One more addition to the story: as is the case with some other pathogens, actin is involved in the replication of C. burnetii. In infection, F-actin becomes rearranged and is recruited to the maturing CRV, a process required for the vacuole’s expansion. This activity is regulated by PKA. Two small GTPases, Rho A and Cdc42 that control actin assembly, are also recruited to the vacuole membrane shortly after infection. PKA has been shown to regulate the activities of both these kinases, which reinforces the role of PKA in polymerizing actin around the maturing vacuole.

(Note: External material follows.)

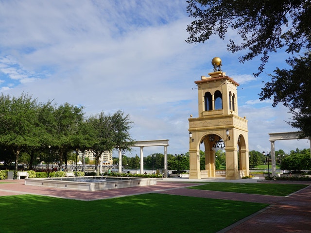 Lakeside area featuring a walking path, plaza with fountain show & amphitheater for outdoor events.

C. burnetii is not alone in pilfering host signals to further its own ends. Several other intracellular bacterial pathogens are known to scavenge their host’s signaling machinery, e.g., Brucella suis, Mycobacterium tuberculosis, Helicobacter pylori, Neisseria gonorrheae, Legionella pneumophila, Salmonella enterica and Chlamydia trachomatis. These studies on Coxiella reinforce the idea that the manipulation of host signaling pathways is a major theme in bacterial pathogenesis. Such results reveal how signaling activities become manipulated in infected cells, thus exposing some of the tricks used by pathogens to disrupt normal cell functions. Each tactic that is uncovered provides us with one more potential strategy for preventing or curing bacterial diseases.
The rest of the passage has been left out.